School of public health

School Notes: School of Public Health
September/October 2016

Megan L. Ranney | https://ysph.yale.edu/

Faculty, student honored

Two faculty members and a student were honored by the graduating class of 2016 for their exceptional skills in the classroom and in helping to train and prepare future public health leaders. Assistant Professor Nicola Hawley was named the 2016 Teacher of the Year for the passion she brings to the global non-communicable disease course she teaches and for her accessibility and thoughtful feedback. Shiyi Wang, the Distinguished Student Mentor, was selected for his support and insightful approach and his superb academic and thesis mentoring. Both are in the Department of Chronic Disease Epidemiology. Yasmmyn Salinas, a PhD candidate, received the Teaching Fellow Award, a prize that recognizes a PhD student who plays an instrumental role in shaping the next generation of public health professionals. 

HIV/AIDS program expensive, but saves lives

While a UN program to suppress the spread of HIV/AIDS is expensive, the investment would increase survival, reduce the number of children orphaned by HIV, and contain the global AIDS epidemic, according to a study coauthored by the School of Public Health. Known as 90-90-90, the program has three objectives: diagnosing 90 percent of HIV-infected persons worldwide; linking 90 percent of identified cases to antiretroviral therapy (ART); and achieving virologic suppression for 90 percent of ART recipients. The cost is estimated to be $54 billion over the next ten years, but the study, published in the Annals of Internal Medicine, found that the investment would be cost effective. 

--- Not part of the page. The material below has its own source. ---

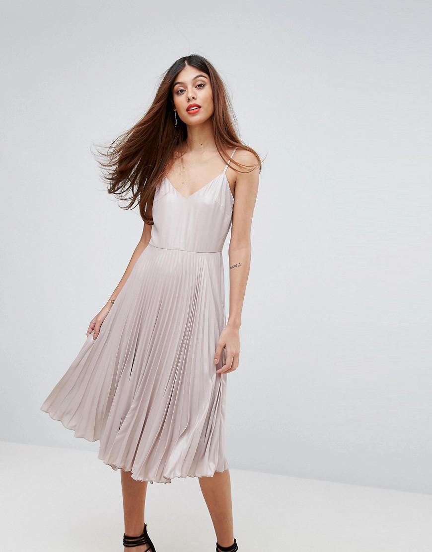Warehouse Synthetic Lame Pleated Cami Dress In Brown Lyst
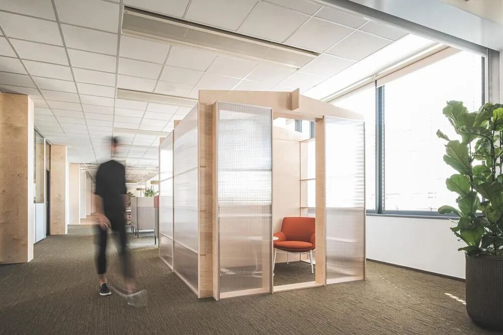在办公环境设计中,隔断往往被忽视,但沃达丰项目把它变成了亮点。设计师采用了移动式日式推拉墙——带导轨、轻便易操作,即使关闭也能透光,既划分空间又不牺牲通透感。

Yale faculty help state fight opioid epidemic

Experts from Yale’s schools of public health and medicine are partnering with the state of Connecticut to address an opioid epidemic that claimed hundreds of lives last year. Over the coming three months, Yale scientists will work on a strategic plan to reduce opioid abuse; the plan will be implemented over the next three years. Although overdose deaths in Connecticut have been caused by both heroin and prescription opioid misuse, in 2015, heroin alone was a factor in more than 400 deaths, an increase of more than 40 percent since the beginning of the decade. The drug is often mixed with other synthetic opioids, such as fentanyl, which makes it even deadlier.